Weixin OpenClaw Login

Security checks across malware telemetry and agentic risk

Overview

This skill fits its Weixin/OpenClaw login purpose, but it handles login URLs, QR tokens, bot tokens, and local account files without clearly warning users that they are secrets.

Review before installing. Use this only if you trust the Tencent Weixin OpenClaw package and need this login workflow. Treat QR URLs, qrcode values, bot_token, ilink_user_id, terminal output from the polling script, and files under `~/.openclaw/openclaw-weixin/` as secrets; do not paste them into chats, tickets, logs, screenshots, or repositories unless fully redacted.

SkillSpector

By NVIDIA
Vulnerability Patterns
  • Data ExfiltrationExternal Transmission, Env Variable Harvesting, File System Enumeration
  • Prompt InjectionInstruction Override, Hidden Instructions, Exfiltration Commands
  • Privilege EscalationExcessive Permissions, Sudo/Root Execution, Credential Access
  • Supply ChainUnpinned Dependencies, External Script Fetching, Obfuscated Code
  • Excessive AgencyUnrestricted Tool Access, Autonomous Decision Making, Scope Creep
Findings (4)

Missing User Warnings

Medium
Confidence
88% confidence
Finding
The skill instructs users to fetch login QR URLs and poll login status tokens from Tencent endpoints without warning that the qrcode token and returned fields may be login-session artifacts. In a login-flow skill, omission of handling guidance increases the chance users expose tokens in shell history, logs, screenshots, or shared terminals, enabling account/session misuse or privacy leakage.

Missing User Warnings

Medium
Confidence
95% confidence
Finding
The skill points users to local state files that contain bot tokens and even shows the token-bearing JSON shape, but does not label these files as secrets or warn against copying, sharing, or loosening permissions. Anyone who gains access to these files could potentially reuse the token to impersonate the connected Weixin/OpenClaw account or disrupt the integration.

Missing User Warnings

Medium
Confidence
92% confidence
Finding
The document explicitly recommends sharing the raw QR-code login URL because it is more reliable than the rendered terminal QR code, but it does not treat that URL as an authentication secret. In this login flow, the raw QR URL is the actual login carrier; anyone who receives or intercepts it may be able to scan and bind the session, enabling unauthorized account access or session hijacking.

Missing User Warnings

Medium
Confidence
95% confidence
Finding
The notes include a successful response containing `bot_token` and describe exact local credential storage paths without warning that these are secrets.
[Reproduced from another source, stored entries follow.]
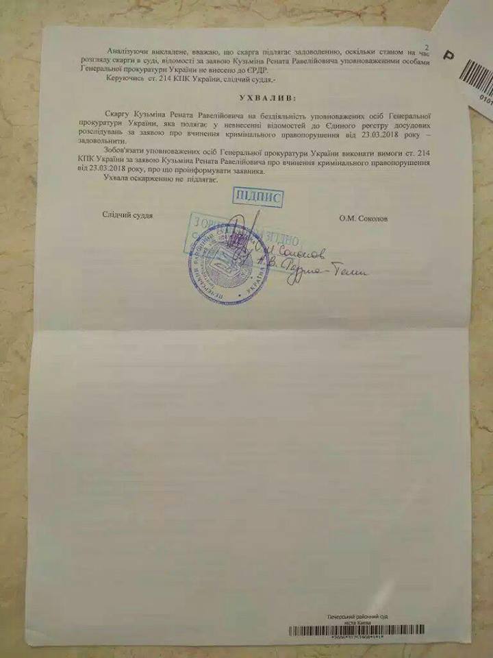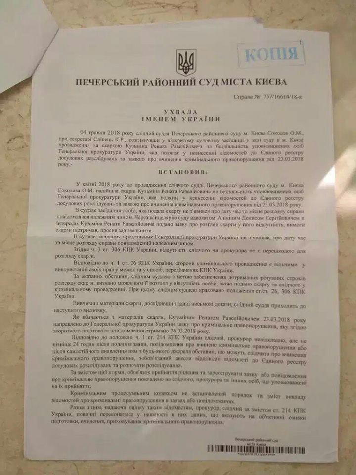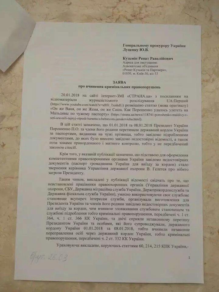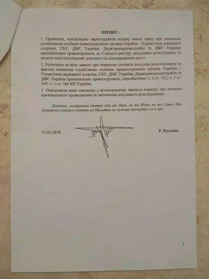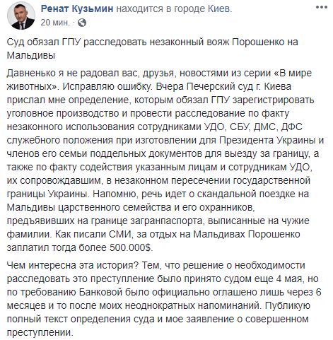"Вчера Печерский суд г. Киева прислал мне определение, которым обязал ГПУ зарегистрировать уголовное производство и провести расследование по факту незаконного использования сотрудниками УДО, СБУ, ДМС, ДФС служебного положения при изготовлении для Президента Украины и членов его семьи поддельных документов для выезду за границу, а также по факту содействия указанным лицам и сотрудникам УДО, их сопровождавшим, в незаконном пересечении государственной границы Украины. Напомню, речь идет о скандальной поездке на Мальдивы царственного семейства и его охранников, предъявивших на границе загранпаспорта, выписанные на чужие фамилии. Как писали СМИ, за отдых на Мальдивах Порошенко заплатил тогда более 500.000$", - написал экс-зам генпрокурор.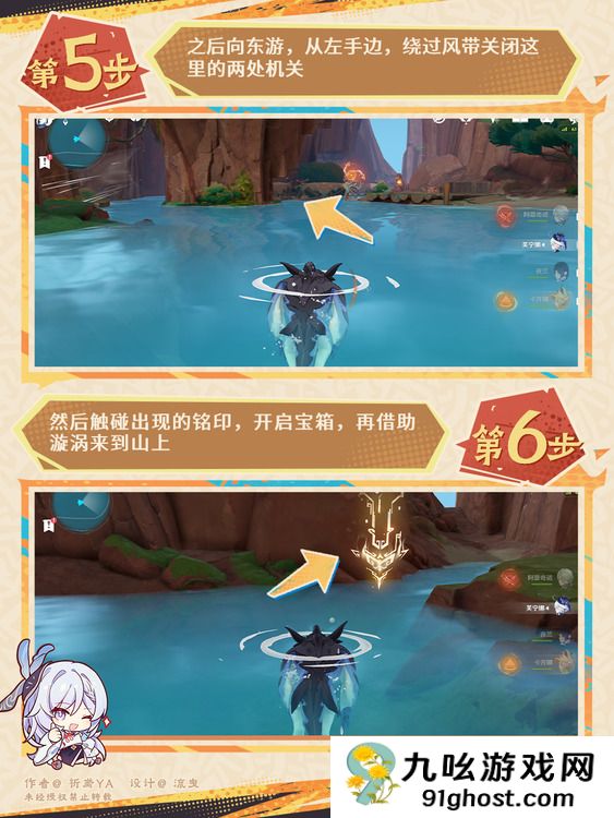 5、向东移动,左侧绕过风带的关闭机关,接着触碰铭印开启宝箱,利用漩涡前往山顶。
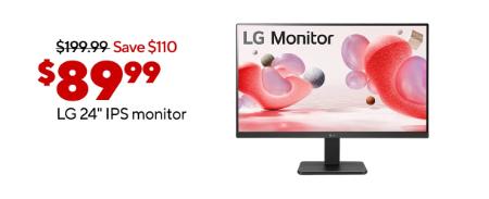 Don't miss out! Shop in store and get $89.99 on LG 24'' IPS monitor.

This materially lowers the barrier to credential theft: users may paste live tokens into support channels or expose stored account files, leading to account takeover, replay of authenticated sessions, or broader compromise of the connected OpenClaw/Weixin integration.

VirusTotal

64/64 vendors flagged this skill as clean.

View on VirusTotal

Static analysis

No suspicious patterns detected.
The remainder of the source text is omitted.